Дверь была наглухо заколочена досками крест-накрест. Обойдя дом, она нашла в полуразвалившемся сарае старый, покрытый рыжей коррозией лом. Откуда в её обессиленном теле взялись силы, чтобы взвалить его на плечо и приступить к делу, было неясно. Наверное, всё тот же животный страх и адреналин, что не отпускал её с момента бегства. Вера упёрлась ломом в щель между досками. Дерево, прогнившее от времени и сырости, поддалось с сухим, жалостливым треском. Ржавый висячий замок, видимо, только того и ждал — он разлетелся от одного сильного удара, рассыпавшись коричневой пылью.
Внутри пахло вековой пылью, затхлостью и сладковатым запахом мышиных гнёзд. Глубокий, просохший запах старой древесины висел в воздухе. Вера, не разбирая дороги, дошла до дивана, накрытого выцветшей от солнца тряпкой, и рухнула на него. Сознание выключилось мгновенно, поглотив её в тёмную, бездонную пустоту.
Она не могла сказать, сколько часов провела в этом забытьи, но когда её веки наконец разлепились, сквозь грязные стёкла уже лился холодный, белесый свет хмурого утра. И в этой звенящей тишине деревенского дома внезапно раздался чей-то голос.
— Тук-тук! Есть тут кто живой? Эй, хозяйка!
Стук в оконное стекло, настойчивый и чёткий, окончательно вырвал её из объятий липкой дрёмы. Вера вскочила, сердце бешено и глухо заколотилось где-то в горле, пересохшем от страха. Неужели нашли? Уже?
В запотевшем окне маячило расплывчатое лицо в ярком платочке — женское, круглое, с любопытными, прищуренными глазами.
Оцепенение от страха сменилось настороженным любопытством: в окне маячило не мужское, а женское лицо. Вера подошла и открыла дверь.
На пороге стояла женщина лет пятидесяти, крепкого сложения, с огромной потрёпанной сумкой через плечо, битком набитой газетами и свёртками.
— Ой, батюшки мои! — женщина всплеснула руками, и её лицо расплылось в удивлённой улыбке. — А я гляжу, доски оторваны, да дымок из трубы вроде как струится. Подумала, бродяги какие завелись или подростки шалят. А это ты, значит, чья будешь-то?
— Я внучка Людмилы Ильиничны. Вера.
— Вера? — почтальонша недоверчиво прищурилась ещё сильнее, оглядывая её с ног до головы. — Да ну, та самая, что в городе, говорят, большим бизнесом верховодит? Что-то не похожа. Красотку, знаешь ли, только в гроб кладут. А ты… кожа да кости одни.
— Я… я сильно болела, — тихо сказала Вера, опираясь о дверной косяк, чувствуя, как подкашиваются ноги. — Вот и приехала сюда, на старое пепелище. Тишины хочется, покоя. Вы меня, пожалуйста… никому не говорите, что я здесь.

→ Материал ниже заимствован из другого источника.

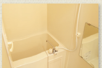
浴室乾燥機付ユニットバス
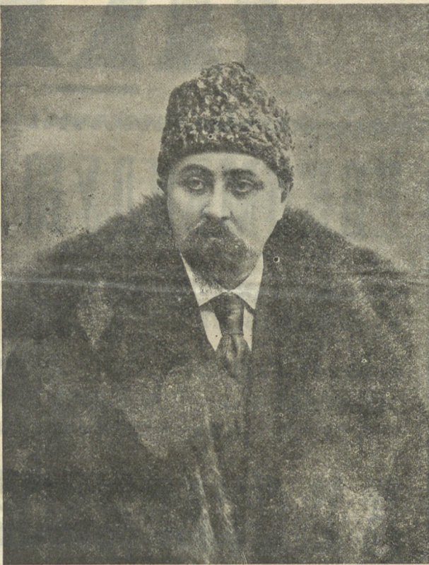
Въ концѣ 90-хъ гг.
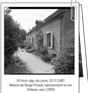
(© Arch. dép. du Loiret, 31 FI 1387, Maison de Serge Pinault, représentant en vin, Orléans, vers 1950)

Les Archives départementales vous proposent de participer à un atelier d'initiation à la recherche en deux séances, afin de vous aider à établir l'histoire d'une maison. Si vous souhaitez connaître l'évolution d'une maison loirétaine et le nom de ses anciens propriétaires, n'hésitez pas à vous inscrire !
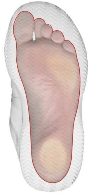
ARCO BASSO/PIATTO (IPERPRONATORE)
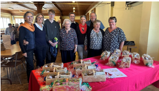
Les lauréats du Trophée FSSc par séries 2022-2023
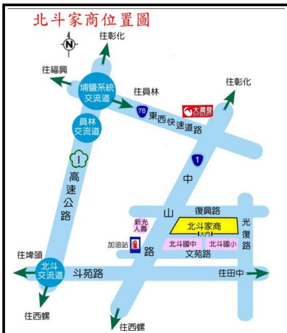
附圖一 承辦學校位置圖
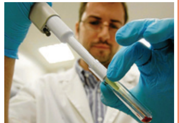
(Servizio a pagina 2)
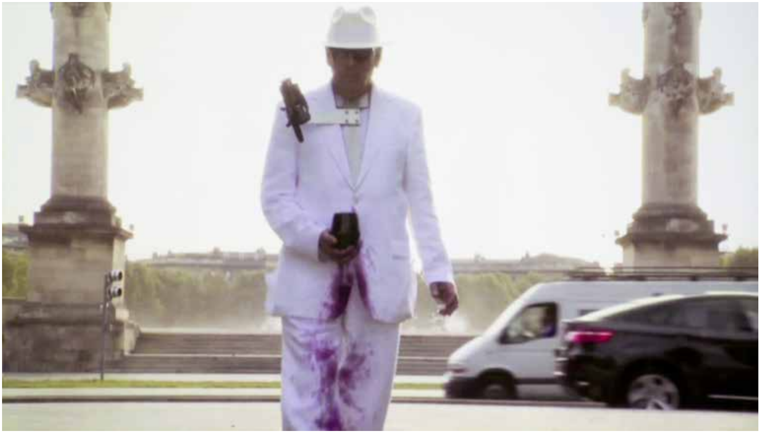
Dennis Adams, Spill , 2009. Vidéo HD couleur, son, 42'. Collection du Frac Nouvelle-Aquitaine MÉCA. ©Dennis Adams.
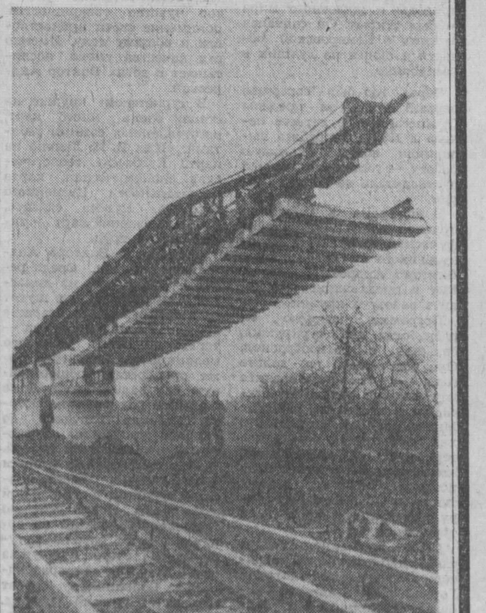
Строители железных дорог Магдебурга получили из Советского Союза рельсоукладочную машину, что во многом разгрузило труд рабочих и ускорило прокладку железнодорожных линий. НА СНИМКЕ: прокладка железнодорожной линии в округе Шверин с помощью советской рельсоукладочной машины.
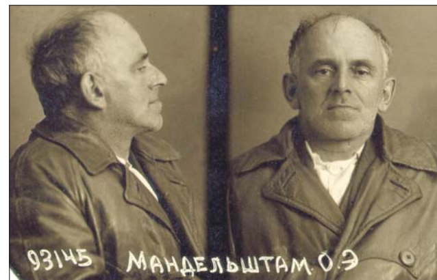
Заключённый Мандельштам скончался в лагере на Дальнем Востоке
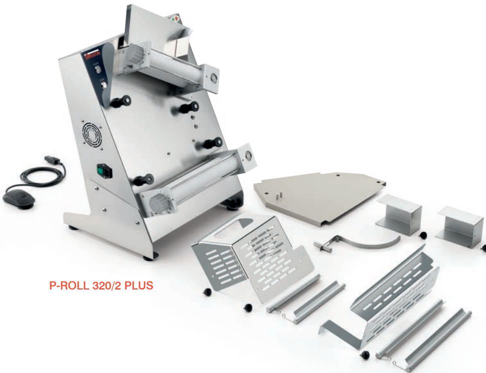
P-ROLL 320/2 PLUS
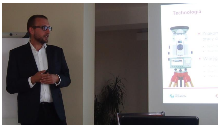
Przedstawiciel firmy NADOWSKI prowadzi „Geopraktyki Tarnów 2015”

w firmie, korzystanie ze stacji referencyjnych NADOWSKI NET oraz skaning laserowy połączone z zajęciami praktycznymi w terenie.
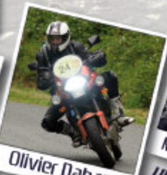
Olivier Dahan merci d'avoir osé cette épreuve...
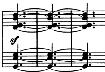
Slika 1 - t. 56-58

Pravilnost izvođenja akorada se ogleda u tome da svi tonovi vertikale dođu do dna tipke u isto vrijeme i jednakom brzinom kako bi se postigla zvučna izjednačenost. To je naročito važno kad ruke sviraju zajedno, a vertikalna broji šest do osam tonova.
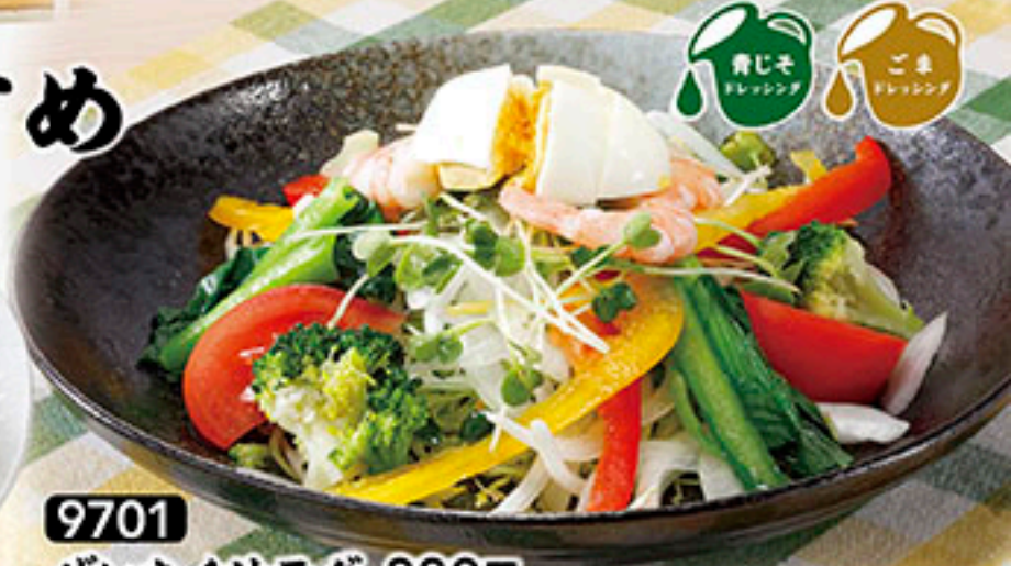
9701 ぜいたくサラダ 880円
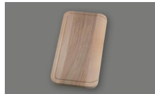
> Weblink 40.001.147.00 / CHF 151.- Tagliere, in legno
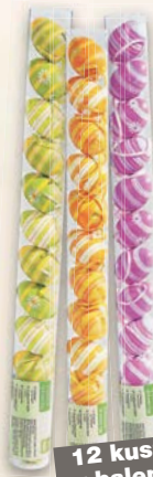
Velikonoční vejce v tubě ▪ průměr: 6 cm ▪ materiál: plast ▪ různé barvy
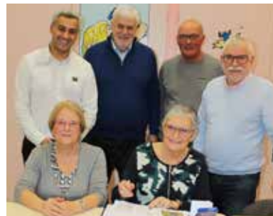
Assemblée générale et galette des rois pour l'ALD randodéville.
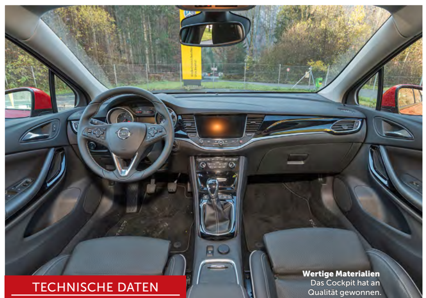
Wertige Materialien Das Cockpit hat an Qualität gewonnen.
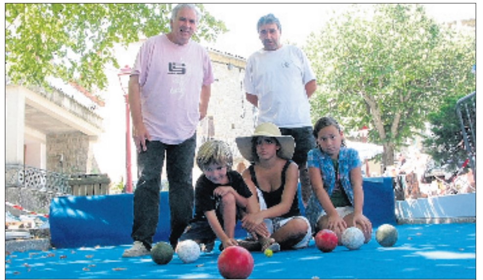
Des boules aux couleurs de l'Italie. Les enfants d'Antraigues s'initient déjà à la rafavolo.

Déjà, les enfants d'Antraigues profitent pour faire cogner les boules. Mais à partir du 25, de vrais professionnels du jeu, venus de Rome, seront présents. « Il y aura sept personnes, des joueurs, des techniciens. Ils tiendront un stand et feront des démonstrations. On fait venir aussi des Bretons qui pratiquent la rafavolo car cela se rapproche de la boule bretonne. »

— Ой, да кому ты тут, в нашей глухомани, нужна-то? — отмахнулась женщина, но в её глазах мелькнуло понимание. — А я Лариса Петровна, местная почтальонша. Я тебя ещё вот такой, пятнадцатилетней, помню — ты тут летом у бабушки коз гоняла. Дом-то этот не всегда пустовал, к слову. Года с полтора назад погорельцы из соседнего района месяц тут перекантовались. Потом, правда, съехали. Ну, сама видишь, условия…

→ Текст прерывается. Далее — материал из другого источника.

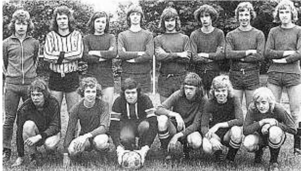
Gut gespielt: Die A-Jugend des SV Veert wird 1974 Stadtmeister.
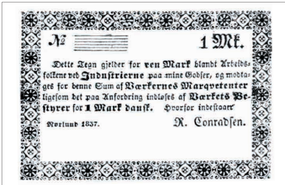
Figur 5. Rasmus Conradsens pengeseddel ( www.danskemoent.dk )
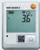
testo Saveris 2-T1

Todos los data loggers están certificados por el HACCP
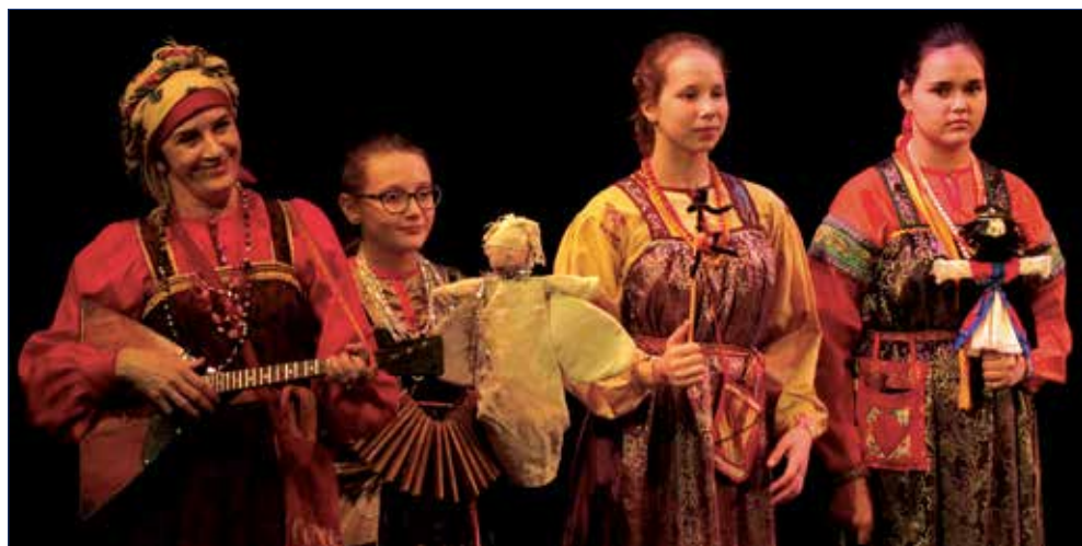
Выступление на фестивале-конкурсе «Надежда Мельпомены»
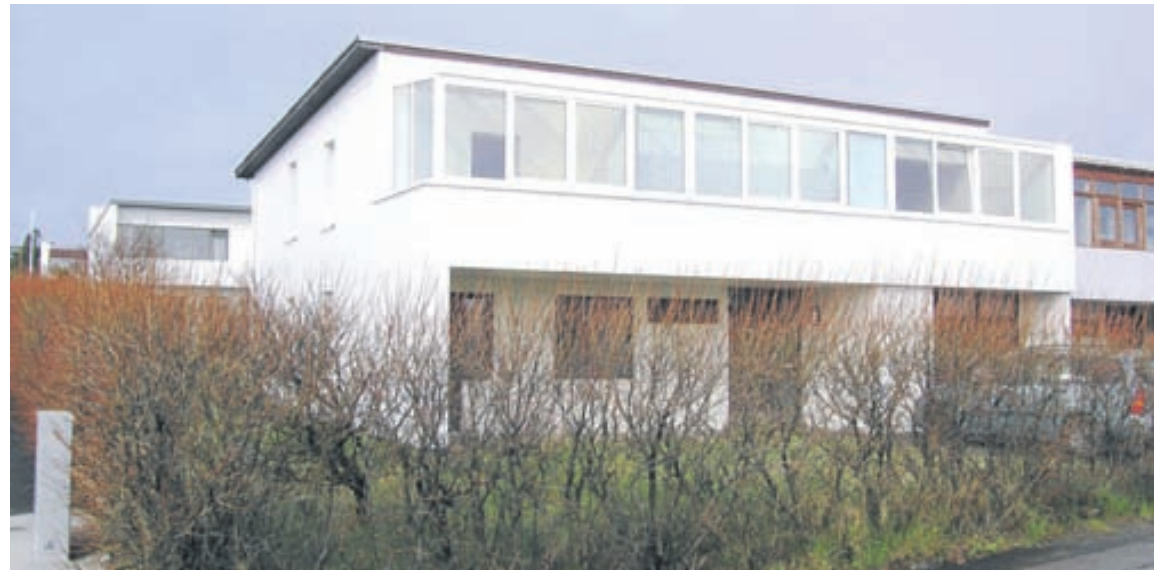
Húsið er mikið endurnýjað bæði að innan og utan.

Ingólfur Gissurarson lgf. Valhöll fasteignasala • Síðumúla 27 • Sími:588-4477.
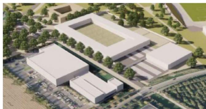
Projet de la Région

lycée de Thorigny-sur-Marne, en plus de la transformation de 400 places de la filière professionnelle en filière générale déjà envisagée en son sein», se fondant sur le constat que «de Meaux à Champs-sur-Marne, la population lycéenne ne cesse de progresser entraînant une saturation de l'ensemble des lycées publics locaux». Le nouveau lycée Samuel Paty à Montévrain et la transformation du lycée Auguste Perdonnet en lycée mixte professionnel et général font partie des mesures prises pour y remédier.
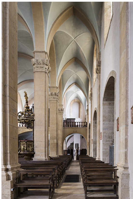
Bas-côté nord, en direction de la tribune.

70, Scey-sur-Saône-et-Saint-Albin rue de l' Église
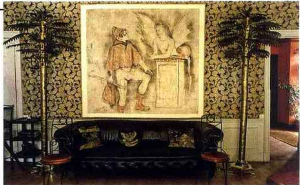
Maison de Jean Cocteau à Milly-la-Forêt : le salon, avec le tableau de Christian Bérard, Édipe et le Sphinx jouant aux cartes.

La Villa Sauber, l'un des deux volets du projet muséographique monégasque réuni en un Nouveau Musée National de Monaco (NMNM), a ouvert ses portes le 8 juin. C'est une des dernières villas Belle Époque de Monaco, propriété, avec des éclipses, du peintre londonien Robert Sauber, entre 1904 et 1930. Rachetée en 1969 par l'État monégasque, devenue musée de poupées anciennes et de miniatures, elle a aujourd'hui vocation à devenir un espace de dialogue entre héritage historique et contemporanéité. Pour la première exposition, l'artiste britannique d'origine nigérienne Yinka Shonibare a été invité :
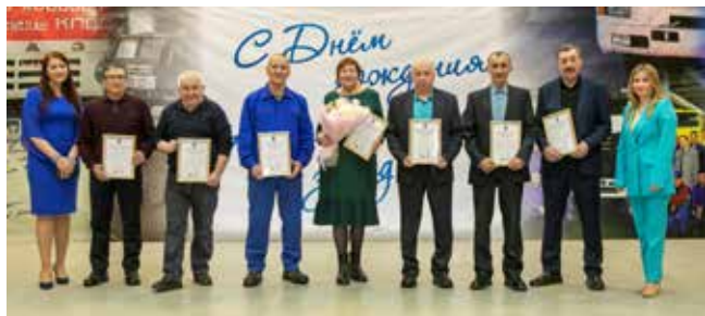
В день рождения АвЗ заводчан чествовали за многолетний добросовестный труд, профессионализм и ответственность

В прошедшую пятницу на АвЗ отметили 49 лет со дня сборки на конвейере первого большегруза. 16 февраля считается днём рождения автомобильного завода.
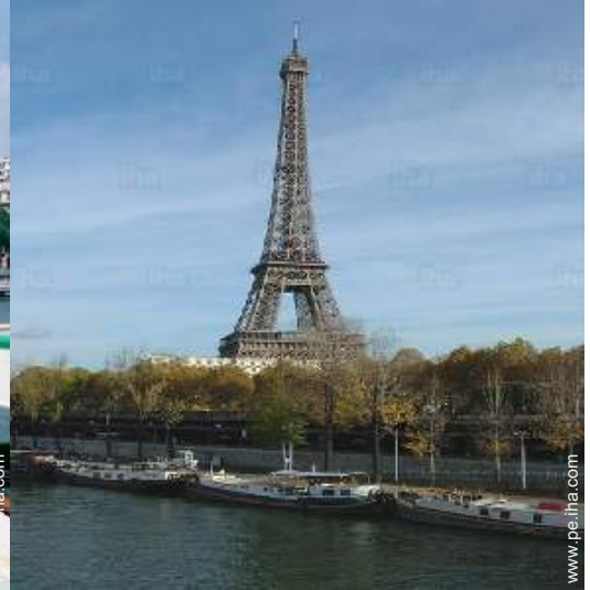
en el muelle
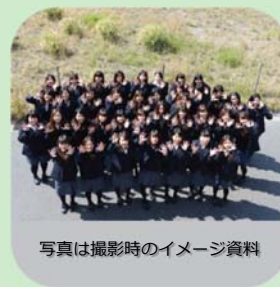
写真は撮影時のイメージ資料

出演した学生には“MIEUポイント”1,500点を付与します。 8月17日(月)の事前説明会は、8月19日(水)の撮影当日に参加する服装で来てください。 ご応募の際、ご記入頂きました個人情報は、本エキストラ募集を目的とし第三者に開示・提供することはありません

Лариса Петровна без лишних церемоний зашла внутрь и по-хозяйски окинула взглядом комнату.
— Да, запустело, конечно. Ничего, руки есть, голова на плечах — отмоешь, приберёшь. Слушай, Вера, раз уж ты объявилась, дело у меня до тебя есть, казённое, так сказать.
Она поставила свою сумку на пол и начала в ней рыться, что-то перебирая и бормоча себе под нос.

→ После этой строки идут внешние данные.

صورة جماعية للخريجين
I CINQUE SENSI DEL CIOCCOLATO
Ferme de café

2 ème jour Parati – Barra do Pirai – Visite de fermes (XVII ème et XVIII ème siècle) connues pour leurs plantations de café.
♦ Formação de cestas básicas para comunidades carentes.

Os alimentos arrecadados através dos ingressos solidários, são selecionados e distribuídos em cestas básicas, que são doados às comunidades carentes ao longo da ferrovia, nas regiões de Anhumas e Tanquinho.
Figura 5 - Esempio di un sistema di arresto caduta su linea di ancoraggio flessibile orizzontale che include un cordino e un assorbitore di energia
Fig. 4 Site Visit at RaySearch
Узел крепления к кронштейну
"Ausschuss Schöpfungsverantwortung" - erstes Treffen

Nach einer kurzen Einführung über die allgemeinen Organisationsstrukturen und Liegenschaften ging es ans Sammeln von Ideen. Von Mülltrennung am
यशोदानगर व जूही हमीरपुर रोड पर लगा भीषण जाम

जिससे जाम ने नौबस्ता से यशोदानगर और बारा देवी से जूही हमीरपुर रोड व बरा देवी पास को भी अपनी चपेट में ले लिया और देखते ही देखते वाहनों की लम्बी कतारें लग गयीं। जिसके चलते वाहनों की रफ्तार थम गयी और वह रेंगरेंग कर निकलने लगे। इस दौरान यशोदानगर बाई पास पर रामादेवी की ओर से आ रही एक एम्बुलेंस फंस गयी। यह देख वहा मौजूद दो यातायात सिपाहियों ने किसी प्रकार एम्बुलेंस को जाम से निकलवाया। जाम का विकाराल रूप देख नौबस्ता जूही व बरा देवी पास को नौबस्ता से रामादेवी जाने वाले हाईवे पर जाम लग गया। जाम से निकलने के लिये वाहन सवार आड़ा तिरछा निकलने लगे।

— Какое дело? — настороженно спросила Вера, всё ещё не понимая, к чему клонит эта нежданная визитёрша.
— Посылка. Точнее, даже не посылка, а бандероль.
— Мне?
— Да нет, не тебе. Бабушке твоей, Людмиле Ильиничне. Пришла, представляешь, аккурат лет двадцать назад, прямо перед самой её кончиной. Царствие ей небесное.
— И… что с ней? — смущённо пробормотала Вера.
— А то, что её никто не забрал! Ты на похороны приезжала, поплакала, укатила. А я ей извещение-то приносила, да она уж не вставала. Потом я эту бандероль в дальний угол кладовки на почте сунула. Списать бы надо, по правилам, или назад отправить… а сердце не позволило. Вот чуяло что-то, что пригодится. Марки на ней чудные, заграничные. И тяжелённая зараза, хотя по размеру — коробочка с ладошку.
Лариса Петровна с торжествующим видом извлекла из недр сумки небольшую, но плотную коробку, завёрнутую в пожелтевшую от времени обёрточную бумагу и перевязанную бечёвкой. Сургучные печати по углам потрескались, но ещё держались.
— Вот, получай наследство. Грех на душу брать не хочу — отдаю законной хозяйке. Может, там что ценное. Выбросить, конечно, проще было, но рука не поднялась. Что-то прямо не давало, будто сама она ждала своего часа.
Вера взяла коробку. Она и вправду была неожиданно увесистой для своих скромных размеров.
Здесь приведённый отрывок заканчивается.